Immediately after my interview, even before I got the job I had lunch with a co-worker and he asked me how long I could see myself working at my position. I told him 5 years max.
Ever since I got my full-time job I have been devising a plan for myself, for my future. In my mind I have never really pictured myself as a "lifer" at the City of Toronto. It's not the work, or the pay, or even the position I'm in -- but rather the sense that I can do something more useful in serving my Lord. That somehow, somewhere, God has made available for me, a place place that needs me more than where I am today.
I think, that when you think about that for yourself and for where you are RIGHT NOW, that you may need help convincing yourself that where you are is where God wants you to be. Because sometimes it just seems a little too easy, or too convenient.
Like you got this big promotion, and you think -- well there's no way I could have got this without God's hand in it, and therefore it MUST be where God wants me to be. Or maybe things in your life both professionally and personally seem to be falling into place exactly how you thought they'd be, and you've decided that this you've been praying for something in your personal life to happen, and finally it has and you decide that it must be God's will.
What I've learned over the years is that there is absolutely nothing convenient about being a Christian.

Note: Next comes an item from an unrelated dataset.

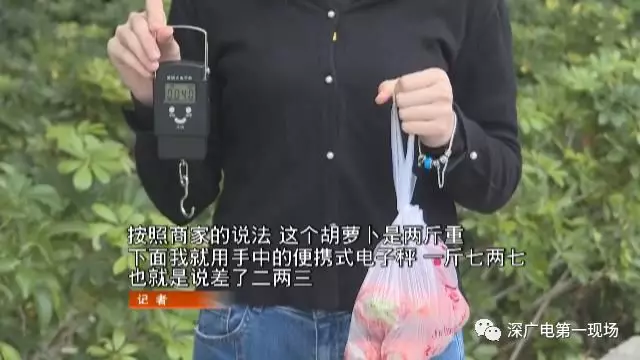 記者按照市民提供的線索,在通道上隨機(jī)選了一個(gè)攤位,購買了2斤胡蘿卜,可用自帶的便攜秤稱重后,發(fā)現(xiàn)缺了二兩。而在另外一個(gè)攤位上,記者買到的茄子也少了近3兩。

Or I could be wrong, maybe you are fully convinced that where you are right now is exactly where you were ought to be, that you have fulfilled your complete potential that God has given you and that God expects nothing more from you. Personally for me, I'm not convinced.
I remember when I was a teen, and I was sitting around at home doing absolutely nothing, my mom would out of the blue ask me: What is your plan today? I used to hate it when she would ask me that because I never plan anything until the last minute.
Slowly but surely I have been putting together my "plans". Some of them are wild ideas while others are "safer". But the gist of the whole thing is that I'll quit my job in 5 years -- 5 years from the time I got it, which is about October 2010. From that I plan to sell everything that I own and move to the East.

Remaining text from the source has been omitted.